RiffTrax probably has branched out from the MST3K tradition the furthest, with creator Michael J. Nelson releasing downloadable MP3 commentary tracks that audiences can sync up with popular films widely available on DVD. Soon after beginning this undertaking, Nelson was joined by Bill Corbett and Kevin Murphy, making the riffing lineup identical to the one in the final years of MST3K.

Now, RiffTrax has expanded even further, releasing a series of public domain titles with commentary tracks on the DVD, ensuring that users don't have to make two separate purchases. The films can also be watched sans commentary, and unlike most of the Mystery Science output, some of these titles just might retain enough of a cult status to be enjoyed on their own merits. But why not take Mike, Tom Servo, and Crow along for the ride? (Okay, it's not exactly Servo and Crow, but with only the voiceovers added to the films, it might as well be.)

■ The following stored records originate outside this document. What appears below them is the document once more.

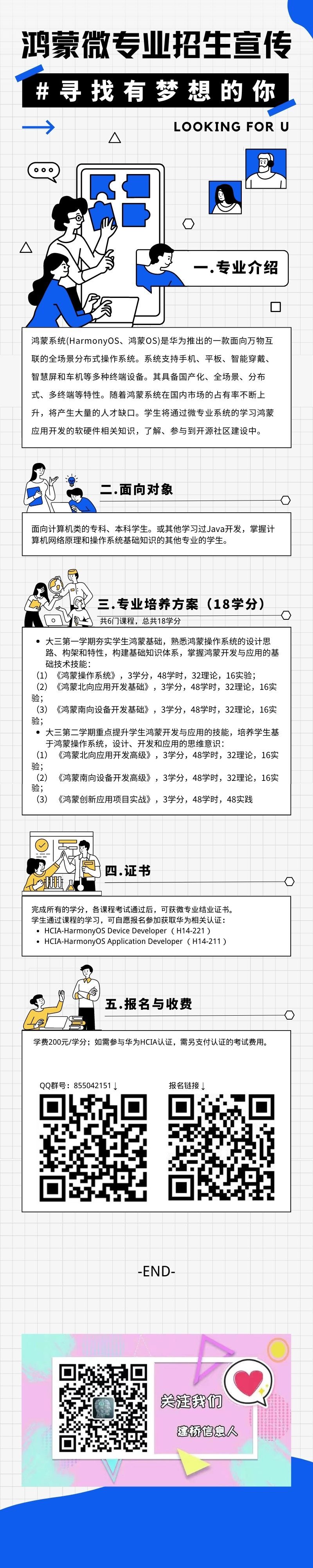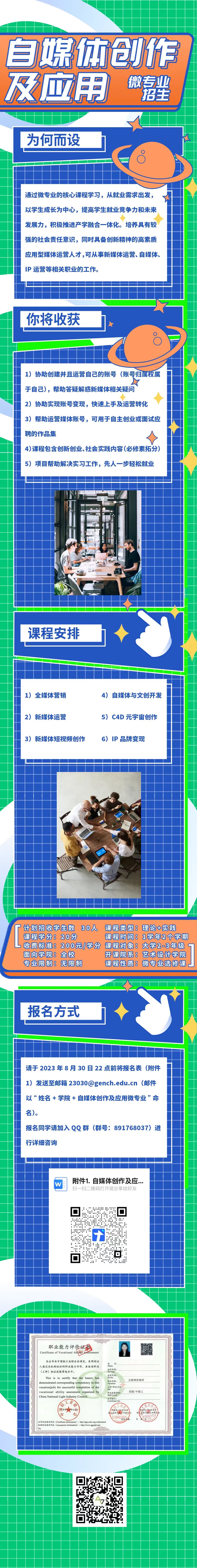 为全面推进“四新”专业建设,落实立德树人根本任务,积极对接产业转型升级,主动适应地方经济发展需求,我校于2023年依托各一流本科专业,整合现有教学资源,构建一批适合多个专业学生学习的微专业,根据《上海建桥学院微专业建设实施方案(试行)》(沪建桥院教〔2023〕12号)的要求,现开展2023年各微专业报名工作。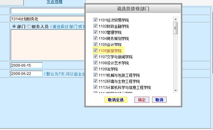 3 .在前段代碼的input 輸入框(或asp:TextBox )的onfocus 屬性中調用如下腳本: jMulticheckbox('' , '<% = allcheckinfo.ToString() %> ' , '請選擇接收部門' , function (r) {
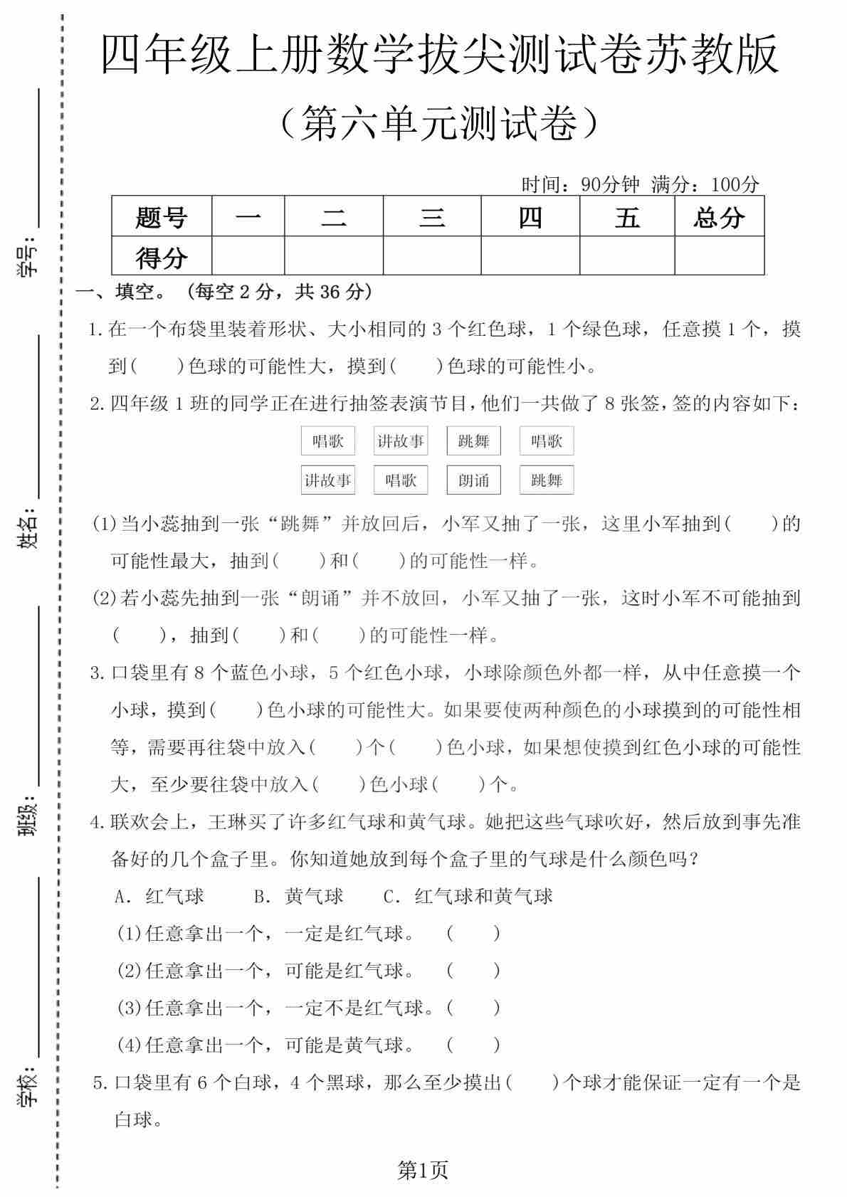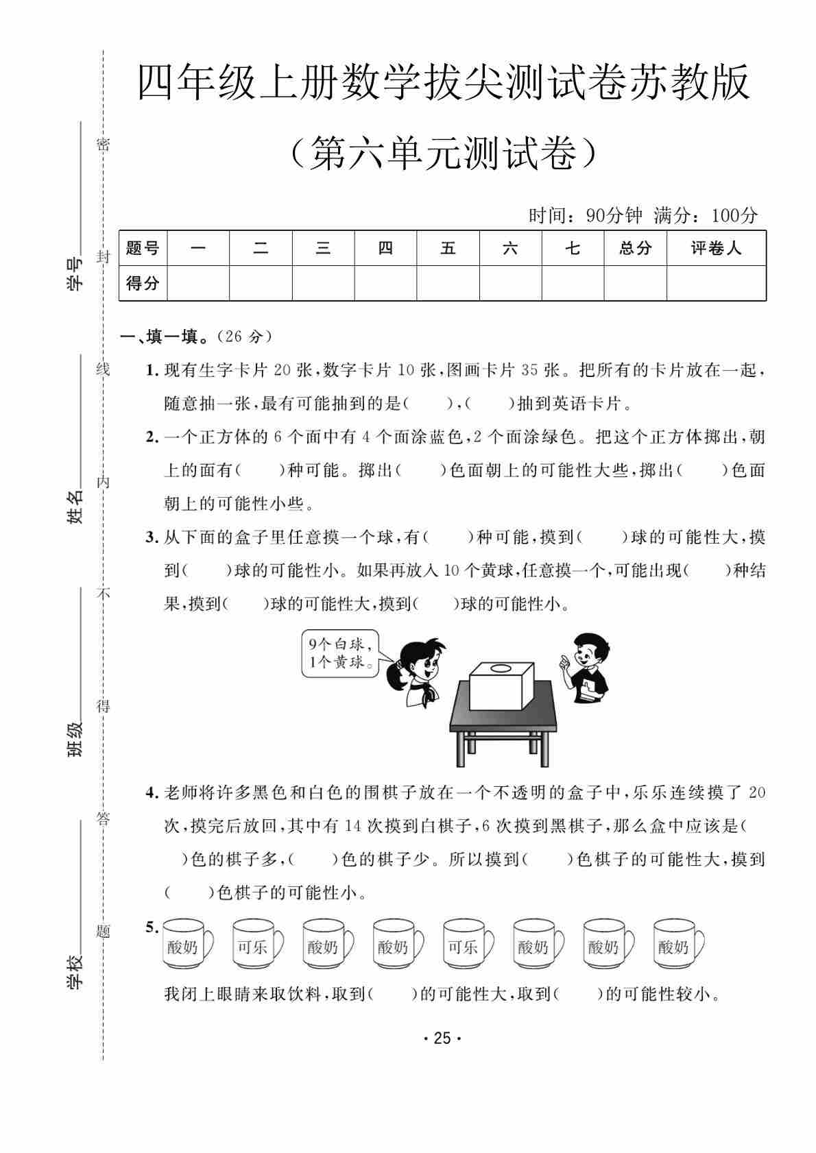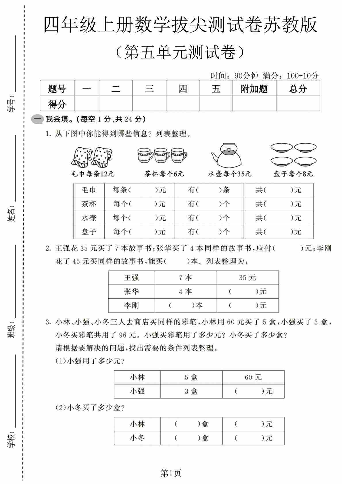 四上苏教版数学【第七单元拔尖测试卷1】

In the first wave of RiffTrax DVDs are two stalwarts of cult cinema — both of which have since been adapted into musicals — and the hilarious stiff-armed propaganda of one and the awe-inspiring low budget mastery of the other make them perfect candidates for Mike and the bots (er … guys … whatever).

The first is Tell Your Children (1936), or as it has been since reissued, Reefer Madness. This film takes the cautionary tale motif to the extreme, presenting an outrageous – and often plenty funny on its own – story about the dangers of pot, jazz music, and bad friends. But mostly pot. Mike obviously is a fan (or something), because he already contributed a commentary track to the colorized version of the film released several years ago.

This time around, he's got backup, and the guys let the riffs fly in this packed commentary track for a film that's barely over an hour. They consistently come back to the theme that you'd have to be on pot — or "marihuana" as the film refers to it — to even enjoy or believe anything that happens. When a bunch of high school kids who actually look to be in their 30s get sucked into the world of wild, pot-smoking parties, they become crazy and violent, and it's clear that this is isn't going to end well for anyone involved.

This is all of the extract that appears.